Stored records:
▼▼▼

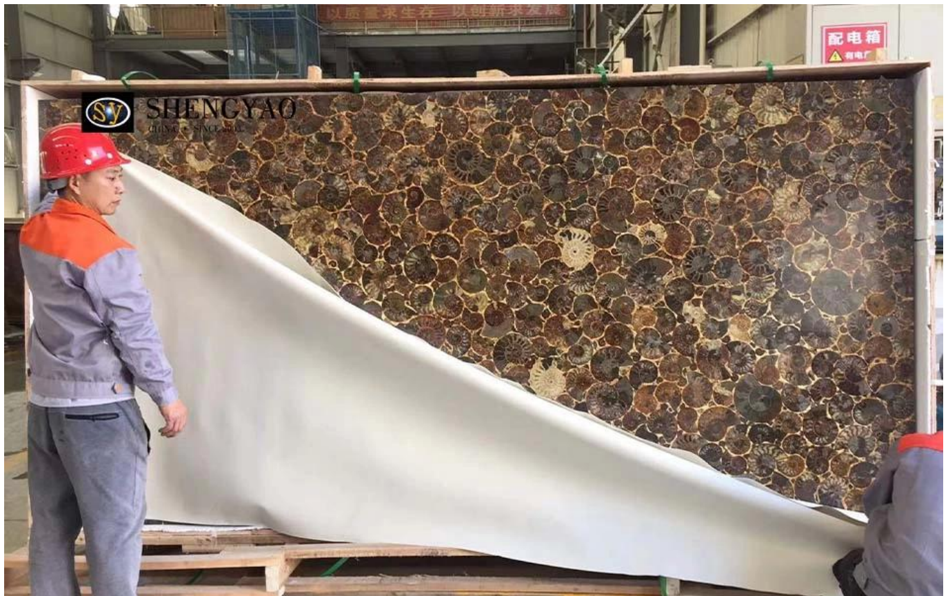
(produttore di lastre di pietre preziose Cina)

Abbiamo la flessibilità di gestire lastre di pietre semipreziose. Aumentare l'uso di pietre semipreziose con altri materiali laminati, ad esempio vetro, alluminio a nido d'ape, granito, pietra artificiale, piastrelle di ceramica e altri materiali.
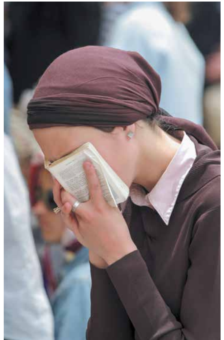
“רק האדם מסוגל לדבר, ולו לרגע, בגוף ראשון בשם ה'”

מסמך אישי של מתפללת, שנראה שרק אישה הייתה מסוגלת לכתוב אותו, דן בסדר התפילה ונוסחה, בשאלות על היכולת להתפלל בכנות תוך דילוג ופרשנות אישית, ובסוד ההתכללות הקבלי / אמונה אלון /
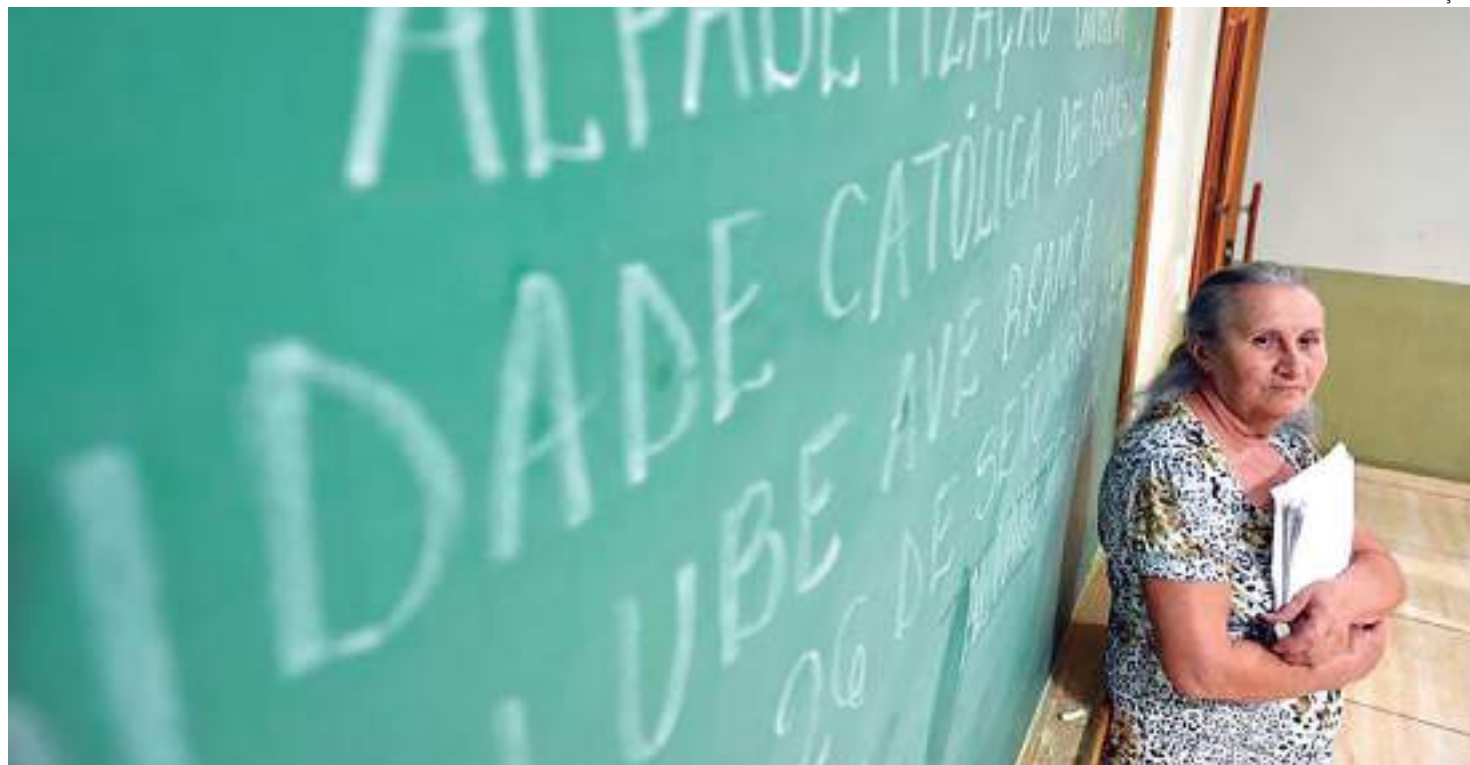
Plano Nacional de Educação pretende erradicar analfabetismo no Brasil até 2024

"Temos que mudar nosso sistema de alfabetização, pois, ainda não levamos de fato, as especificidades do indivíduo e de sua região. A
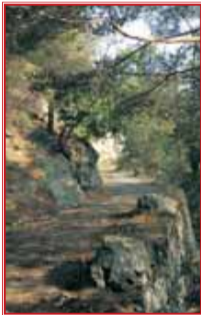
La maestosa strada lastricata, a tratti sospesa su solidi muri a secco e bordata con "pose" squadrate, si lancia a superare un tratto dirupato

noretto di Clapéon, magnifico terrazzo proteso sulla valle al limitar del bosco (20 min dalla partenza).
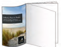
Umschlagseite U2 185 x 261 mm* 1.255 €
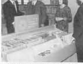
▲図書館・文化資料館を訪問
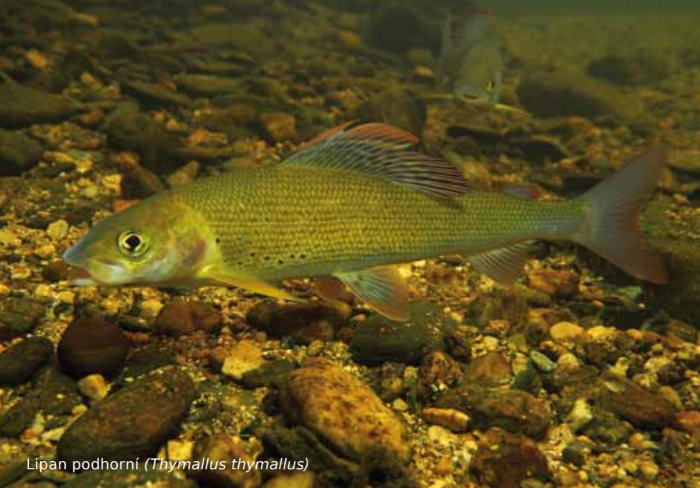
Lipán podhorní ( Thymallus thymallus )
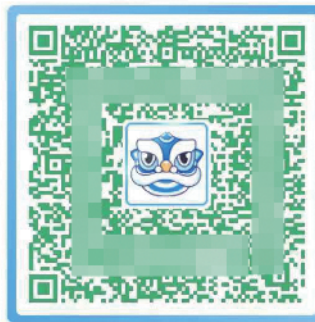
■第一针打完后的狮子。

▲▲▲

◆ Directions for this task ◆
The copy must start at the line containing "Plano Nacional de" and end at the last line of the data, matching each line exactly. It must hold no pictures.

◆ Solved problem ◆
Plano Nacional de Educação pretende erradicar analfabetismo no Brasil até 2024

"Temos que mudar nosso sistema de alfabetização, pois, ainda não levamos de fato, as especificidades do indivíduo e de sua região. A
La maestosa strada lastricata, a tratti sospesa su solidi muri a secco e bordata con "pose" squadrate, si lancia a superare un tratto dirupato

noretto di Clapéon, magnifico terrazzo proteso sulla valle al limitar del bosco (20 min dalla partenza).
Umschlagseite U2 185 x 261 mm* 1.255 €
▲図書館・文化資料館を訪問
Lipán podhorní ( Thymallus thymallus )
■第一针打完后的狮子。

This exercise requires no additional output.